● **Data provided**

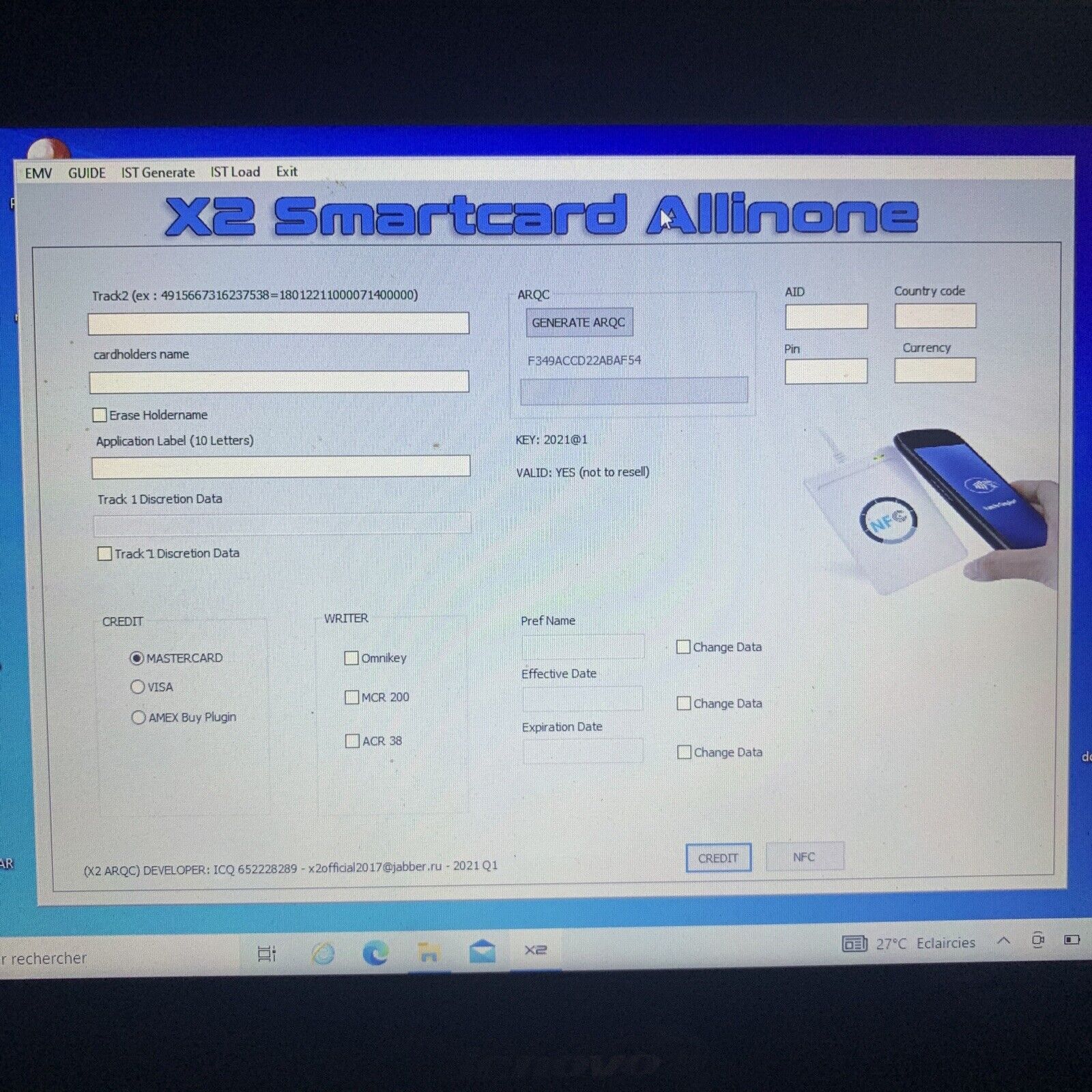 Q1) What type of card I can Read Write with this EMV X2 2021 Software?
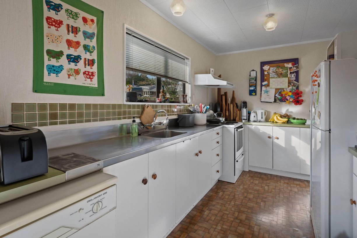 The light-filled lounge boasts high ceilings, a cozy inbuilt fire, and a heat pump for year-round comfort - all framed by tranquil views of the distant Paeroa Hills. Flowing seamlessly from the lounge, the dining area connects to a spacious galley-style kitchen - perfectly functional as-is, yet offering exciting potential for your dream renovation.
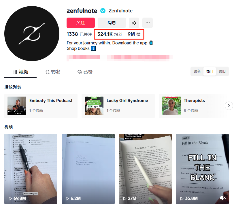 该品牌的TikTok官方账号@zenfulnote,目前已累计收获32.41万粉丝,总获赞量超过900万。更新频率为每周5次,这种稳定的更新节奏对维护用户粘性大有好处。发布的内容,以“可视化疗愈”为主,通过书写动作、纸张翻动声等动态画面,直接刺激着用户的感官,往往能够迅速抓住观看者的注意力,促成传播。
--
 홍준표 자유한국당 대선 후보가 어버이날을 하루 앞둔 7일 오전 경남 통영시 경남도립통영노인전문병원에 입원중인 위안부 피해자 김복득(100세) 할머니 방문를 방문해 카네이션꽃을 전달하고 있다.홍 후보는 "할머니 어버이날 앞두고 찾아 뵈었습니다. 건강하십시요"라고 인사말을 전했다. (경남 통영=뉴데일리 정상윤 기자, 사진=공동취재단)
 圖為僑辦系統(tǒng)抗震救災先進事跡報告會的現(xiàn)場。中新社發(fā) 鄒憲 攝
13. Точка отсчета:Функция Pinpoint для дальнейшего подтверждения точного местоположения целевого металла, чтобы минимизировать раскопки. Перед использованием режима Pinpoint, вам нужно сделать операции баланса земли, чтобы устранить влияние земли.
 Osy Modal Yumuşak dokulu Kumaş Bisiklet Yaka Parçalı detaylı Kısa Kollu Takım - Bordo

● **Action item**
Among the lines above, find the one with "圖為僑辦系統(tǒng)抗震救災先進事跡報告會的現(xiàn)場。中新社發(fā) 鄒憲 攝" and the one with "Osy Modal Yumuşak". Quote both and everything between them, exactly.

● **Result for this exercise**
 圖為僑辦系統(tǒng)抗震救災先進事跡報告會的現(xiàn)場。中新社發(fā) 鄒憲 攝
13. Точка отсчета:Функция Pinpoint для дальнейшего подтверждения точного местоположения целевого металла, чтобы минимизировать раскопки. Перед использованием режима Pinpoint, вам нужно сделать операции баланса земли, чтобы устранить влияние земли.
 Osy Modal Yumuşak dokulu Kumaş Bisiklet Yaka Parçalı detaylı Kısa Kollu Takım - Bordo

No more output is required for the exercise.